At first I was planning to go over to the prison... well, I will call it my friend's house, because she won't like me calling it a prison. It's not really her house either, though, because she doesn't make the rules, can't sell it etc. But in any case, she will get defensive if I call it a prison and she'll say that it's not so bad, and her wardens are just protecting her from such and such etc. And she won't like me to call them wardens. But I don't know what else to call them.

Do we call any male and female who have sex and create a child "parents", no matter what they do for the next 18 or so years? Maybe we could call people like those who created my friend "pardents", or "wardents" -- sort of a cross between wardens and parents.( I think I like wardents the best.)

Anyhow, so I was planning to go there around 11:00. But I was on the computer and trying to clean up my broken links. I was running a link checking program and it was taking a long time to get all the way through it.
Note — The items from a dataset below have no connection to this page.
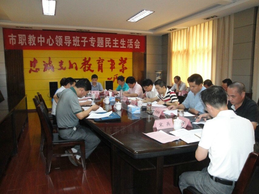 7月11日,市职教中心在学校图书馆三楼会议室召开党的群众路线教育实践活动领导班子专题民主生活会。市教育局副局长、市教育局党的群众路线教育实践活动第七督导组组长廖春荣,督导组成员赖春明、廖兴中莅临指导,学校全体班子成员、普通党员代表参加会议。
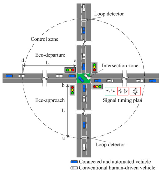 - Zohdy, I.A.; Rakha, H.A. Intersection management via vehicle connectivity: The intersection cooperative adaptive cruise control system concept. J. Intell. Transp. Syst. 2016, 20, 17–32. [Google Scholar] [CrossRef]
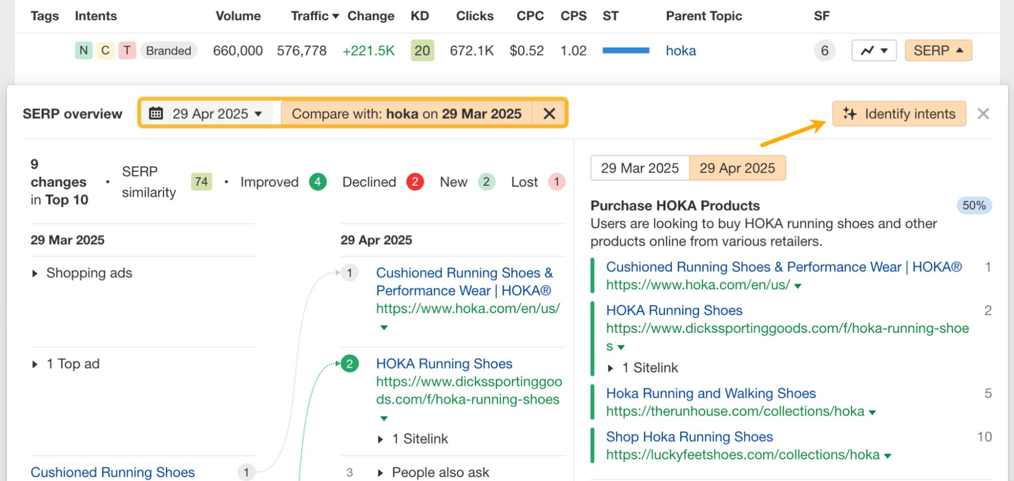 You can also open SERP overviews to compare time periods and hit “Identify intents” to track shifts in search intent over time — all right inside Rank Tracker.
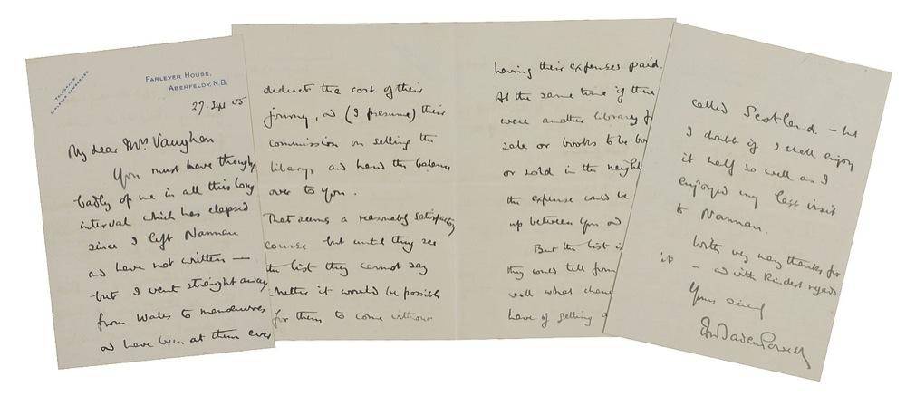 Ten page autograph letter signed ''R. Baden-Powell.'' The famous Boy Scout founder here writes to a Mrs. Vaughan about purchasing her library of books. On Farleyer House letterhead, dated 27 September 1905, Powell requests details of her library to decide if they will visit her to assess the value of her collection: ''...until they see a list they cannot say whether it would be possible for them to come without having their expenses paid.'' In fine condition. Accompanied by the original mailing envelope, addressed in Powell's hand.
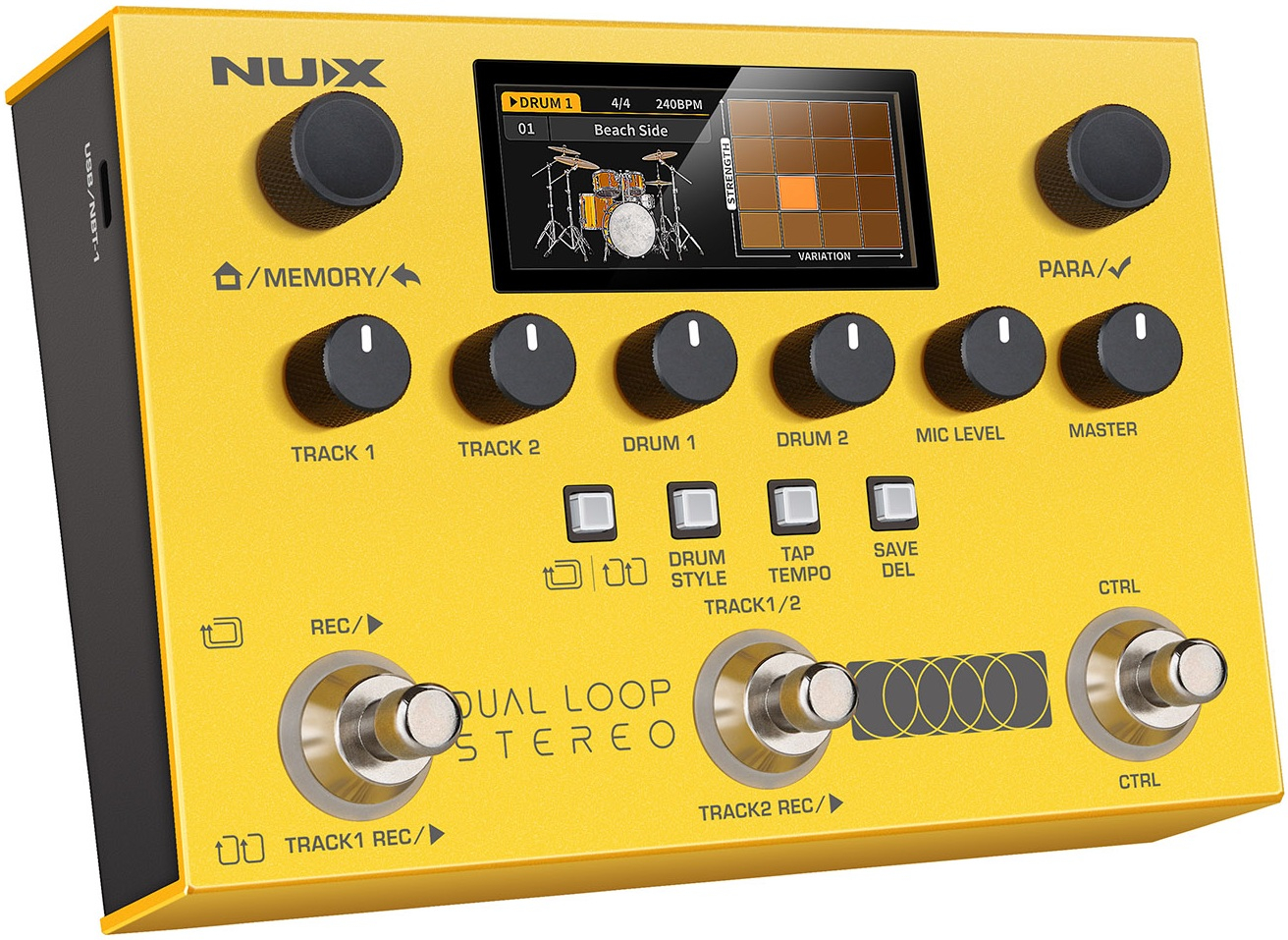 L’écran couleur haute définition du NUX Dual Loop Stereo offre une lisibilité optimale, même sur scène. Il affiche clairement l’état de chaque boucle, les effets actifs, les niveaux et les rythmes. Les potentiomètres dédiés permettent de contrôler individuellement chaque piste, la section batterie, le micro et le volume master.

It was getting cold outside and I was already feeling the cold inside where I was working. I didn't really want to go out in the cold that late at night. I was also getting sleepy. So what would motivate me or anyone to go outside on a cold night instead of staying inside and having some warm soup, reading and going to bed?

Where does motivation come from? Is there such a thing as "good" or "bad" motivation? Are people motivated by a mysterious force called "evil" as many people believe and teach?

In their 1990 paper Salovey and
Mayer talked about motivation as a part of emotional intelligence. But then in 1997 when they presented their four branch model of EI, they did not mention the term. They seem to have realized that motivation does not depend much, if at all, on someone's level of EI. I initially wrote "on someone's innate level of EI" but the two university professors don't see EI as being primarily innate potential. They see it as being more learned skills.

By the way, I call them "university professors" here because I don't feel comfortable calling them scientists anymore. I don't believe what they are doing now deserves to be called science. It is closer to what I would call science than the Goleman model of EI, but it still isn't good enough to satisfy me for reasons I have listed in other articles, such as the fact that their definition of EI depends on words which themselves are not clearly defined -- words like "ability" and "effective." Also, their definition of EI is too subjective. It depends on conformity to one's group, so what they would call emotionally intelligent in one group might not be emotionally intelligent in another group.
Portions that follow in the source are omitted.